The third transformation includes the contemporary women, this time joined by Malinche, the
Native American name for a traitor. The contemporary women, 3, are become the four
directions with Malinche, as a performance of identity and self traitorhood.
The subsequent transformations, with the groundworks established in the first few, include more
stories by the contemporary Native American women, intensifying throughout the play, as well
as "Pocahontas/Lady Rebecca/Matoaka," all of the names given to the real-life women who we
now know as simply Pocahontas, as compared to and played separately from "Storybook
Pocahontas," a child who is happy to help the white man and is in love with John Smith.
Included also are Deity/Woman of the Puna/Virgin, Marie/Margaret/Madeleine, Cigar-Store

Squaw, (notably played by the actress who performs "Princess Buttered-on Both Sides," and
"Ceremony, " the embodiment of the puberty ritual and wisdom of the ancestors, among others.
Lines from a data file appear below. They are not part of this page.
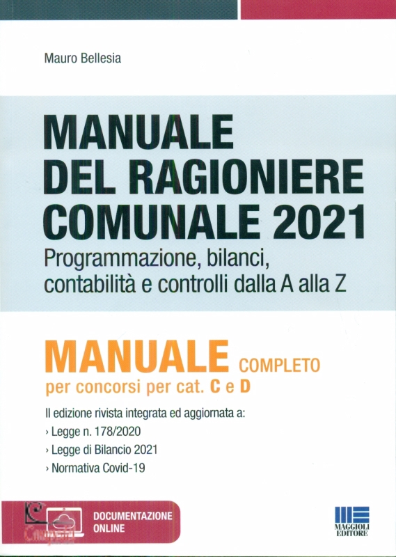 Manuale del Ragioniere comunale 2021 Programmazione, bilanci, contabilità e controlli dalla A alla Z Autori Mauro Bellesia Editore Maggioli Editore Pubblicazione Aprile 2021 (II Edizione) Collana Concorsi&Esami Manuale completo per concorsi per Cat. C e D II edizione rivista integrata ed aggiornata a: › Legge n. 178/2020 › Legge di Bilancio 2021 › Normativa Covid-19 Tramite il codice alfanumerico allegato al volume, sarà possibile accede re alla documentazione online disponibile in formato modificabile: › schemi di delibera: di approvazione del DUP, del PEG, del bilancio, del rendiconto, dei prelievi dai fondi di riserva, di salvaguardia degli equilibri, di ricognizione delle società partecipate, › schema di programma triennale lavori pubblici, di programma biennale acquisizione forniture e servizi, › schema di convenzione di tesoreria, del regolamento di contabilità, degli indicatori, › file excel: per il calcolo dei li miti della spesa, per il calcolo del consolidamento, › check list, › la normativa di riferimento. Il presente manuale, di 1272 pagine, tratta in modo completo ed esaustivo la disciplina dell’ordinamento finanziario e contabile degli enti locali dal punto di vista di chi lo applica quotidianamente, il Responsabile del servizio finanziario. Norme, regole e adempimenti sono illustrati, sintetizzati e commentati in stretta correlazione alle funzioni e alle responsabilità del “Ragioniere”, privilegiando un approccio operativo, ma senza trascurare aspetti metodologici, suggerimenti o approfondimenti finalizzati ad una migliore comprensione del contesto, dell’evoluzione e delle criticità del quadro di riferimento attuale. Per poter dirigere oggi la Ragioneria di un Ente, occorrono non solo professionalità adeguate e aggiornamento continuo, ma anche capacità interdisciplinari non comuni per intuire e decifrare in anticipo gli effetti delle norme e degli atti amministrativi, intercettando quelli importanti, per i quali vale la pena dedicare tempo e maggior attenzione. Il presente manuale ha lo scopo di guidare l’azione di chi riveste o intende ricoprire il difficile ruolo di Ragioniere comunale. Il manuale è stato aggiornato alla L. n. 178/2020, Legge di Bilancio 2021, norme Covid-19, Tesoreria, PagoPA, ecc. Al fine di semplificare la lettura, nel testo è inserito questo indicatore grafico che evidenzia i punti critici e rappresenta una guida trasversale di lettura con collegamenti, riferimenti normativi, riflessioni e consigli. Alla fine dell’opera sono resi disponibili due strumenti di grande utilità: › la mappa dei principali adempimenti e dei controlli con i relativi riferimenti normativi, › il glossario e indice analitico degli argomenti per facilitarne le ricerca per argomento all’interno del testo. Libri consigliati Concorso Comune di Roma 250 Istruttori amministrativi (CUIA/RM) Concorso 60 Istruttori amministrativi (Cat. C) Comune di Padova - Kit completo Concorso Comune di Roma 100 Funzionari amministrativi (FAMD/RM) - Kit completo Concorso Comune di Roma 500 Istruttori di Polizia locale (CUIP/RM) - Kit completo Libreria Campedèl Belluno | |
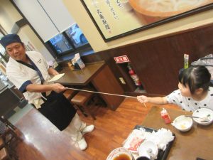優しい店長さんが子どもたちに生の麺を触らせてくださり、
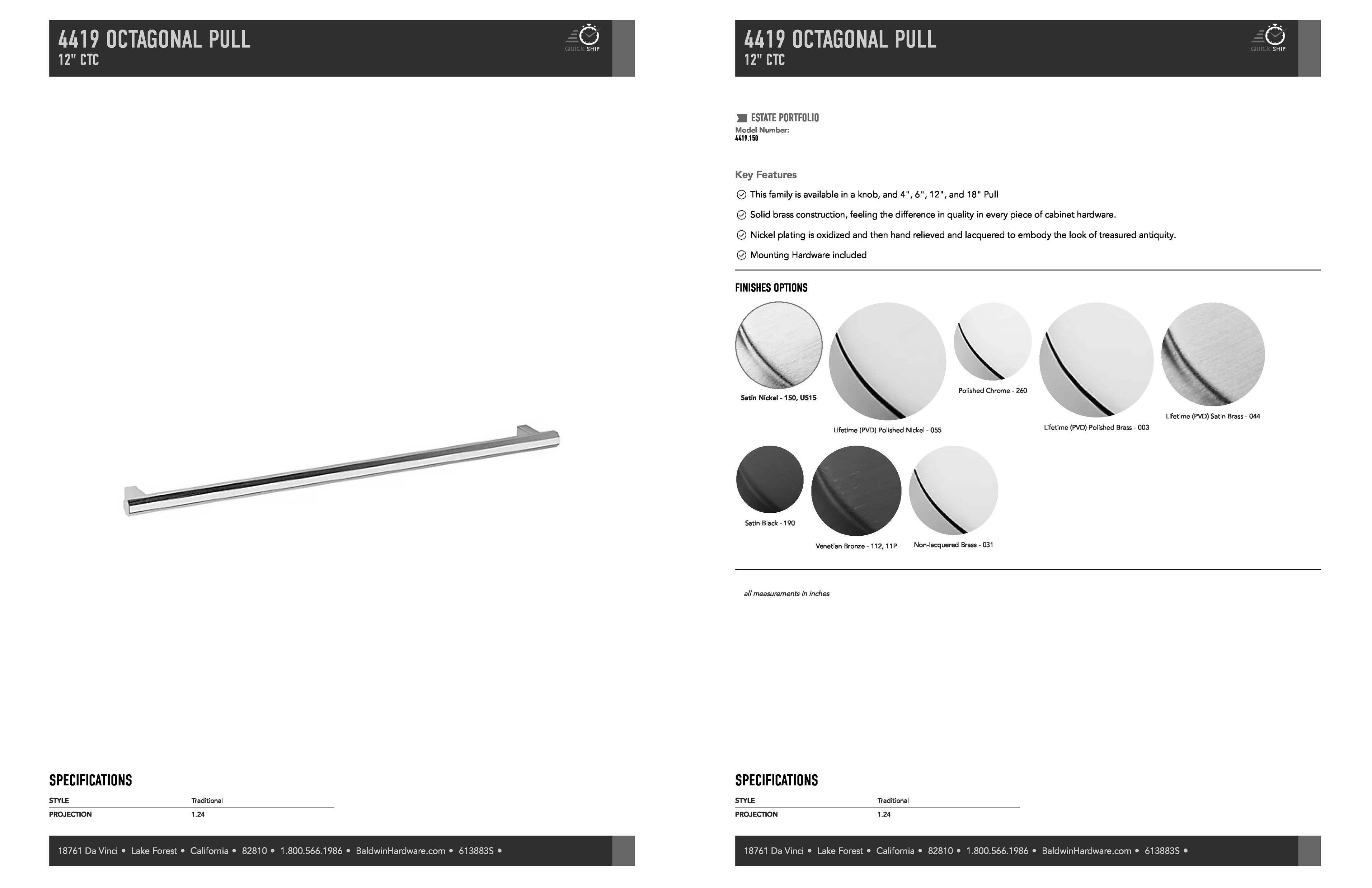 Octagonal Collection | Style: Traditional | Category: Cabinet | Sub Category: Pull | Material: Brass | Size: 12" CTC x 1.24" p. | Made in USA | Usually Ships 2-3 Weeks
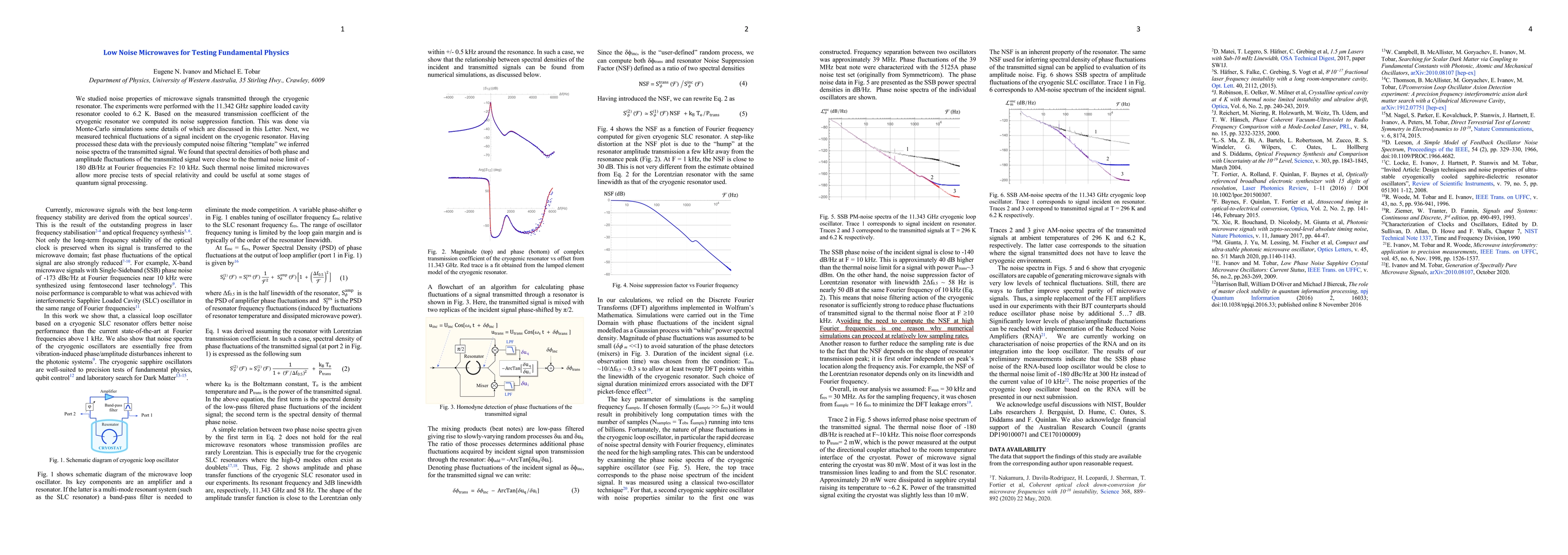 The paper details the study of noise properties in microwave signals through a cryogenic resonator cooled to 6.2K. Utilizing Monte-Carlo simulations, they computed the noise suppression function and found that both phase and amplitude fluctuation spectral densies of the transmitted signal approached the thermal noise limit of -180 dB/Hz at frequencies above 10 kHz. This advancement could enhance precision in testing special relativity and benefit quantum signal processing stages.
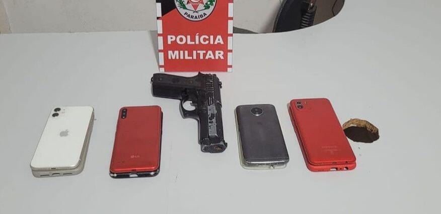 Dois homens foram presos, nessa sexta-feira (29), suspeitos de praticar vários roubos a celulares na cidade de Patos, Sertão paraibano. Eles foram capturados por policiais militares da Rádio Patrulha do 3º Batalhão. A dupla foi presa portando um simulacro de arma de fogo.
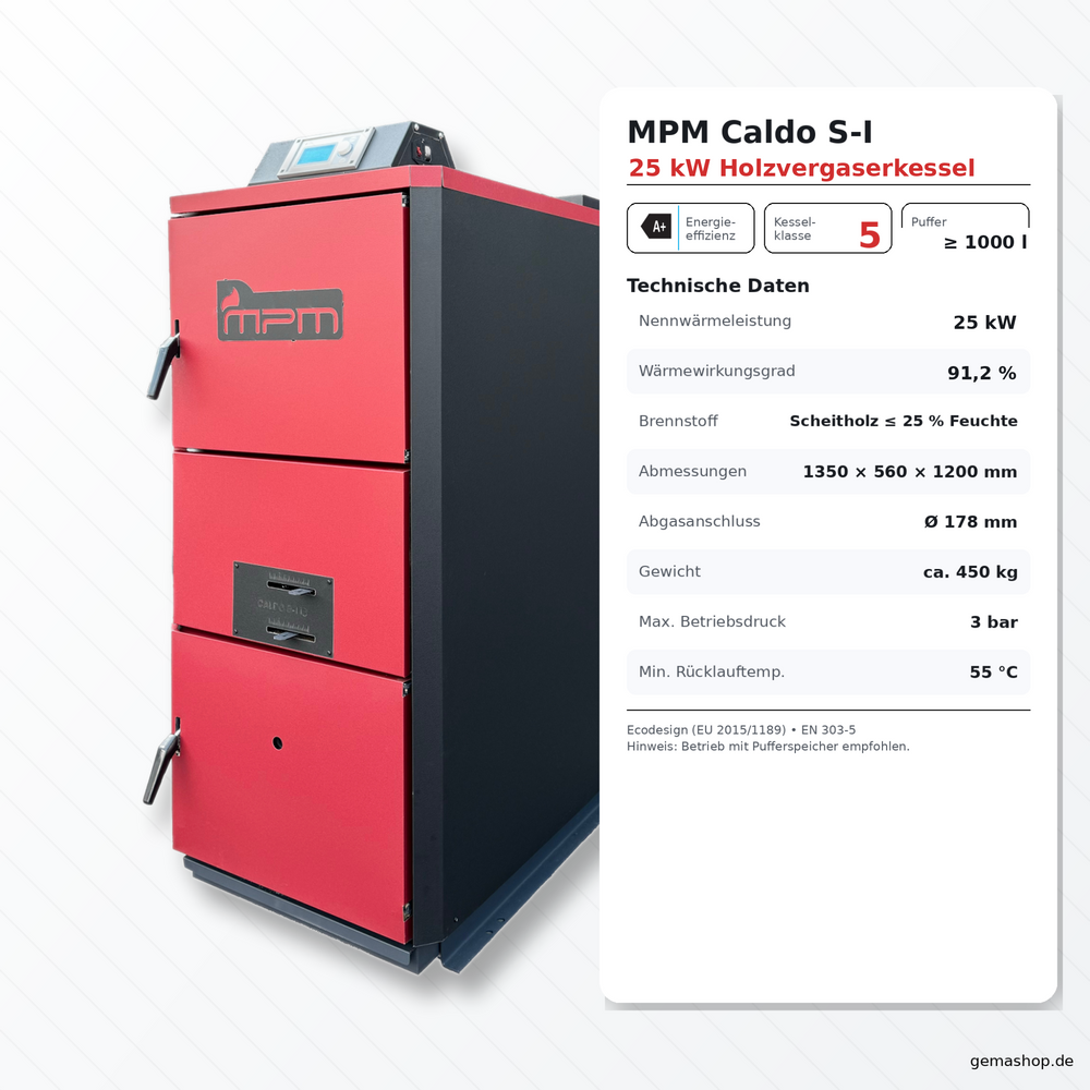 Kocioł zgazowujący drewno MPM Caldo S-I 25 kW A+ (Ekoprojekt, klasa 5)

The work as a whole exists in the realm of "transformations," with the transformation of
location, identity, direction, and the fluidity of story, both also within the layers of performed
self and true self as a function of the outside society and acknowledgement of heritage, where the
"real" self is not every pinned down as one entity. The women in the play are represented as
healers, " women are the medicine, so they must go and heal the women," as mothers, as carriers
of heritage, of child bearers and bringers of the uncertain future, and as bringers of new life.